二次創作小説(紙ほか)※倉庫ログ

Re: 鋼の錬金術師〜約束の月光〜 ( No.24 )
日時: 2010/06/28 22:07
名前: 皇林 (ID: HZjgBtCK)

 その刹那、レバーが下がる音がした。そして、闇の中から2つの赤い点がマリー達に向かってくる。はっきりと姿が見えた時、マリーは思わず手を合わせていた。エドワード、アルフォンス、そしてマリーの目の前に現れたのは、動物と動物を合成させてできた合成獣<キメラ>と呼ばれる存在の物だった。


「合成獣を見るのは初めてかね? 賢者の石はこんな物も作れるのだよ」
「……賢者の石」

 エドワードが低い声で呟く。コーネロの指には血のように赤く輝く、賢者の石、と呼ばれる存在の物があった。エドワードとアルフォンスの探し物でもあり、それは“マリーの探し物でもある”。

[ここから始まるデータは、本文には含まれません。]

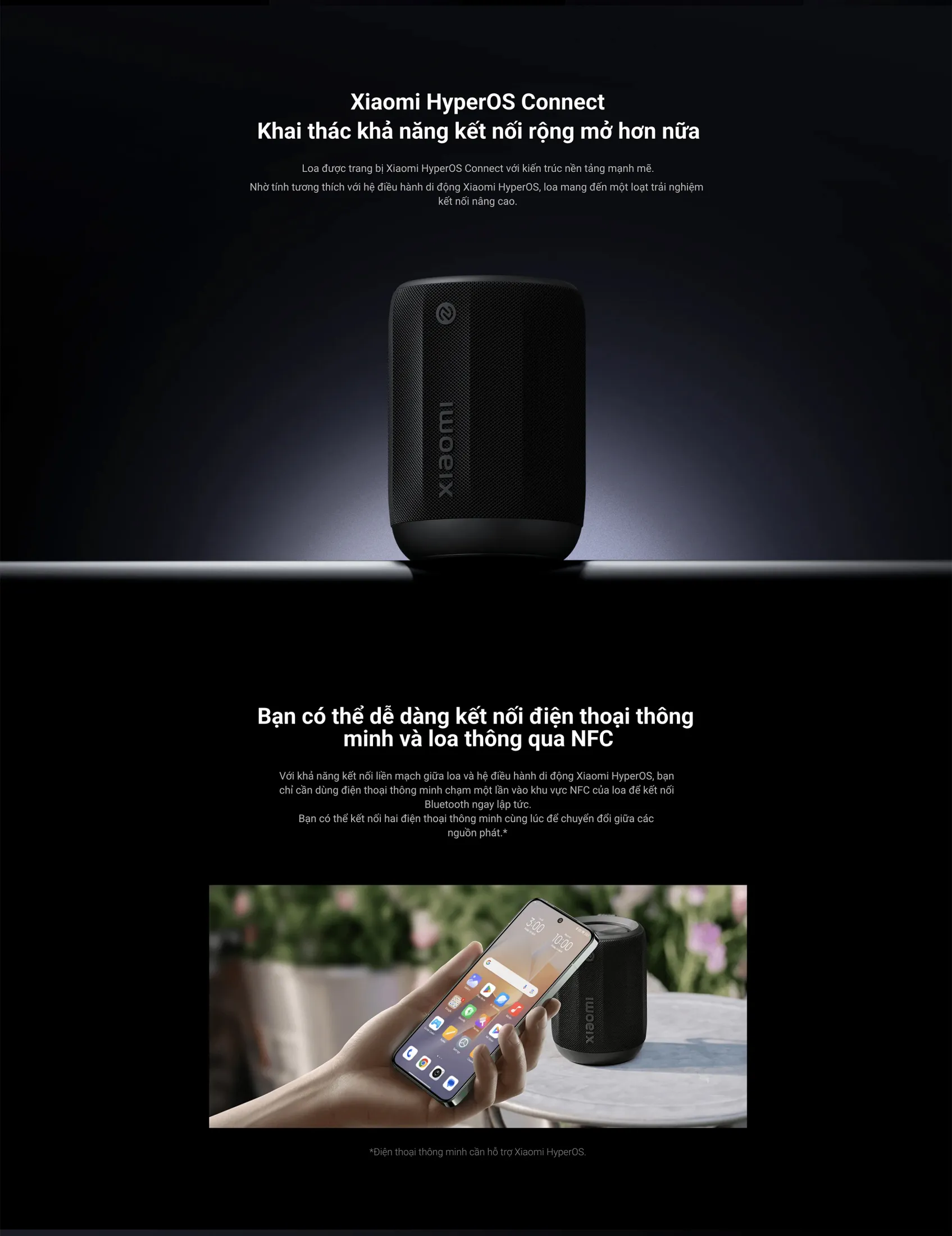 Tích hợp NFC cho phép kết nối Bluetooth chỉ bằng cách chạm một lần. Khi sử dụng cùng với điện thoại Xiaomi chạy hệ điều hành Xiaomi HyperOS, bạn có thể chuyển đổi nguồn phát giữa hai thiết bị một cách nhanh chóng và liền mạch.

「探したぜ……。原則などを無視して錬成が可能になる石」

 エドワードも手を合わせる。そして、エドワードとマリーは同時に合成獣に襲いかかった。マリーは手の平を合成獣の背中に合わせた。
 するとそこに錬成陣が現れた。“マリー専用”の錬成陣だ。つまり、月光の錬金術師の錬成陣。1つの錬成陣の真ん中に、三日月が描かれている。そしてマリーの首からかけてある石も輝き始めた。


「月光の錬金術……受けてみなさいよ、合成獣!」

 石の輝きが消えると、錬成陣が爆発した。合成獣は唸り声をあげるが、そのままエドワードに突進していく。そして、その右腕に噛みついた。だが、マリーは全く表情を変えなかった。そしてエドワードも余裕の表情をしている。


「どうした猫野郎。しっかり味わえよ」

 合成獣も焦っている様子だ。エドワードは鼻で笑うと、合成獣を左足で蹴りあげた。マリーに深い傷を負わされていた合成獣は、あっという間に倒れてしまった。

「く、くそっ……!」

 コーネロはそう言うと、マリー達に背を向けた。いつの間にかそこに扉がある。マリーが声を上げる間もなく、コーネロはその扉から出て行った。

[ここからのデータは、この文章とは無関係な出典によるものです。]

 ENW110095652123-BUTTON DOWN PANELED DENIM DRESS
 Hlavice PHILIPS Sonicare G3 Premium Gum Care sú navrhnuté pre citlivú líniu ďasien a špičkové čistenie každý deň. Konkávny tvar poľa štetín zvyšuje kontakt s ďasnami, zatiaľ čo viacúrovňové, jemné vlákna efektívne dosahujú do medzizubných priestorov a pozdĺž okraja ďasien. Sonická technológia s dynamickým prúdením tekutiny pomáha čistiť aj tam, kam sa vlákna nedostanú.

「ずる賢い奴。さてと、エドワードさん、アルフォンスさん、行きましょうか」
「そうだな」

 マリー達は階段を上り、扉を開けようとする。だがマリーは不意に視線を感じてその方向を向くと、俯く
ロゼが立っていた。身体が震えている。マリーは優しく微笑むと、自分の石を握らせた。

「あったかいでしょ、これ」
「え……えぇ」

 マリーはロゼの手を包み、よりいっそう強く石を握らせた。そしてマリーはロゼの耳元で囁いた。

「……これね……私の命なんだよ」
「……え?」

 ロゼが目を丸くする中、マリーはより深く微笑むと、その赤朱色の瞳に石を映した。そして石を強く握ると、ロゼの手をつかむ。